A Republican House leader said Wednesday that President Bush and his party's congressional leadership caved on principles to help the top of their presidential ticket during the Wall Street bailout and that there could be a leadership purge if enough Republican lawmakers lose their seats next month.
Rep. Thaddeus McCotter, chairman of the House Republican Policy Committee, said Republicans need to immediately create better alternatives to Democrats' policies and cannot assume that their party will automatically recapture lost seats in 2010 if Sen. Barack Obama is elected president this year.
"That's the first thing we've got to get out of their heads. That's not how this works," Mr. McCotter told editors and reporters at The Washington Times. "You will lose all the votes. What you will then do is craft an alternative that hits real people and frames the debate."
Mr. McCotter, Michigan Republican, said Republicans expect to lose 10 to 30 House seats in the elections Tuesday and that the final total likely will determine the fate of the party´s current leadership.
"No one knows what number could be a trigger," he said.
"Everybody's waiting for the number to know what is possible or not possible if they're shooting at [House Minority Leader John A.] Boehner, if they're shooting at [House Minority Whip Roy] Blunt, if they're shooting at anyone. But they're not going to be out there making calls, they're going to wait until the number comes in."
The 43-year-old congressman frequently referred to his roots, both as a Detroit native and an Irish Catholic, saying the latter explained why he's not the sort to be optimistic about congressional Republicans' chances in the Tuesday elections.
He is in his first term as policy committee chairman, and said he hasn't been approached by other members seeking his support to oust the current leaders, though he said as a "Boehner guy" - a supporter of the Ohio Republican - he isn't likely to be told. If an effort is under way, he said, it will surface after the elections so they don't appear to be putting their own prospects ahead of the party's.
Asked whether anyone else is ready to take the leader's role, Mr. McCotter was blunt: "There isn't."
He said Republicans under Mr. Boehner had a good year in 2007, buying time for the Iraq troop surge strategy to work and stopping expansion of government health care through the State Children's Health Insurance Program. He said 2008 was going well as Republicans demanded offshore drilling - until the financial mess hit.
He said the economic crisis exposed the split in the Republican Party.
"We ran into the bailout. The bailout touched upon the larger discussion in the Republican Party," he said. "It's not the conservatives versus the moderates, that's the rather cliched way of looking at it. What you really have are globalists versus traditionalists. Globalists tend to view America as an economy, not a country. The traditionalists tend to view it as a country - a very delicate microcosm, a collection of individuals with different hopes, dreams, aspirations."
Republican leaders in the House led many, though not a majority, of House Republicans in backing the bailout. Mr. McCotter said that was putting politics over principle.
"Unfortunately, many of the people in the House seemed to think our overarching goal was, as it was with President Bush, to support the top of the ticket, the nominal leader of the party, as opposed to worry about what happened to our members," he said.

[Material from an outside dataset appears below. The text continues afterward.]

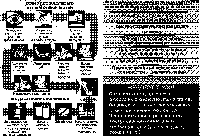 Эта схема является универсальной для всех случаев оказания первой помощи на месте происшествия. |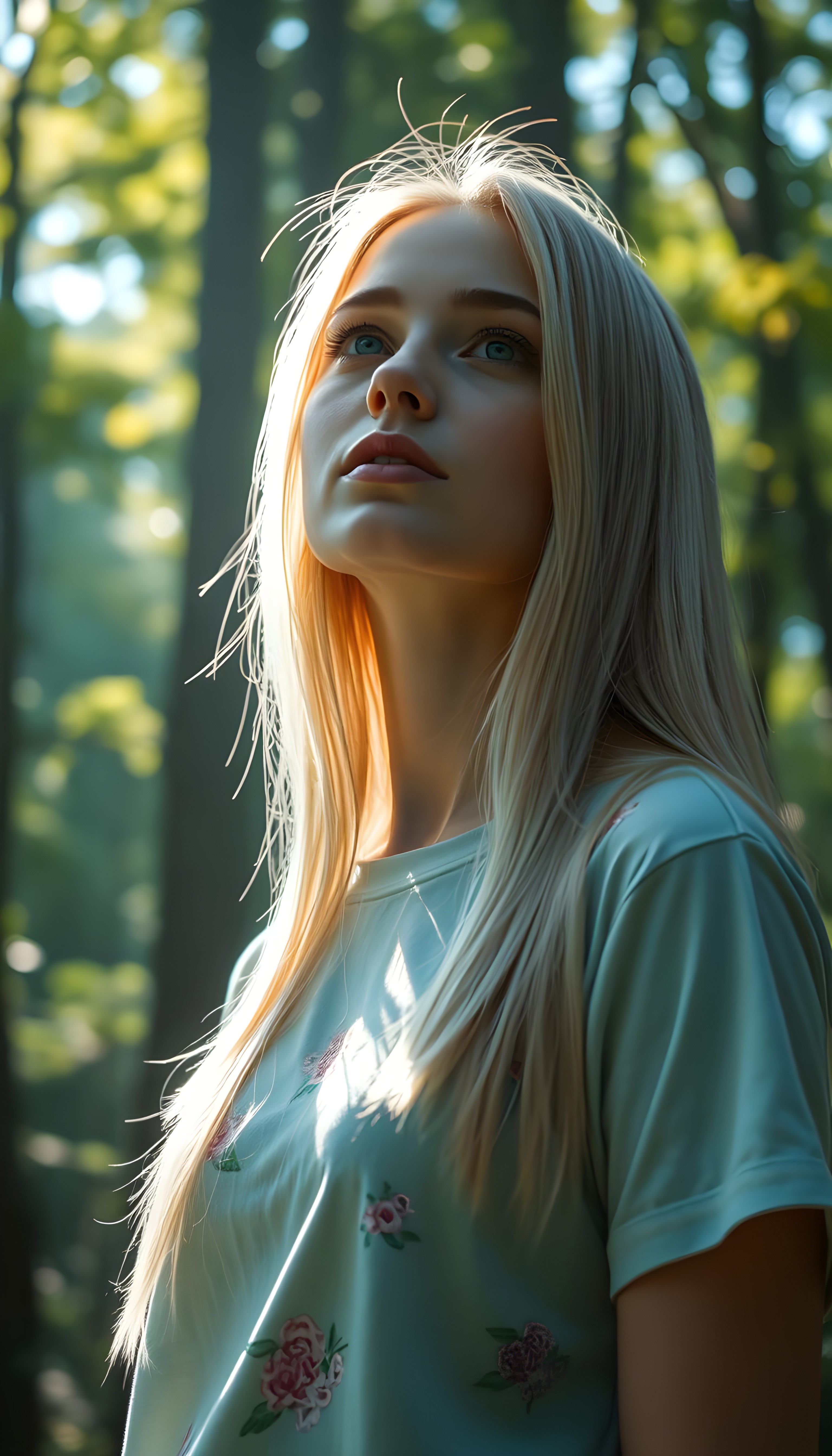 A young woman with straight, shiny light blonde hair cascading over her shoulders is captured in a whimsical forest setting. She wears a vibrant t-shirt with delicate floral patterns, her attire shimmering in hues of pastel blues and pinks. The sunlight filters through the lush canopy, casting a magical glow on her, highlighting her innocent and curious expression as she gazes upward. The background is filled with towering trees, their leaves forming a mosaic of green and golden light, creating a dreamlike, serene atmosphere. This composition is inspired by a fairy tale, blending realism with a touch of fantasy.

He said aside from policy mistakes, such as turning over so much power to the Treasury secretary, the bailout also served to derail what had looked like a promising message for Republican presidential nominee Sen. John McCain because it shifted the election from a forward-looking question of options to a backward-looking referendum on Mr. Bush.
"When the bailout was passed it became eight years of deregulation, or whatever the Democrats are saying, and McCain supported the administration in what was the most watched and salient economic issue to Americans heading into this election," Mr. McCotter said. "He couldn't have taken a branding iron and put it on his forehead any better. That then, even if you voted against the bailout, that attached to you because your base Republicans and independents - independents actually hated it more than Republicans - started to deflate, and it became a referendum election."
Still, he said, the fact that most House Republicans opposed the bailout gives him hope. Mr. McCotter voted against the bailout.
"A majority of the House Republicans voted against that thing twice. Twice. So I think that gives us hope for the future, although not the immediate future," he said.
Mr. McCotter said rather than "compassionate conservative," Mr. Bush's administration has been defined by a globalist view.
"It tended to divorce itself from the average working people. It did not challenge the American people sufficiently. The Congress became, in many ways, the rubber stamp for this administration," he said. "It was not a separate equal branch of government that hurt us in 2006 and it continued to hurt us as the bailout progressed."
Another legacy is that Republicans have become politically "atrophied."
"Fundamentally bedrock politics, we are very bad at - just very bad. It's atrophied. It atrophied in what was called the permanent majority," he said.
He did defend the president, arguing that the world changed on him, diverting him from his goal of being a domestic reformer.
Just as former President Harry S. Truman's legacy has been rehabilitated by hindsight, he said, so might Mr. Bush's.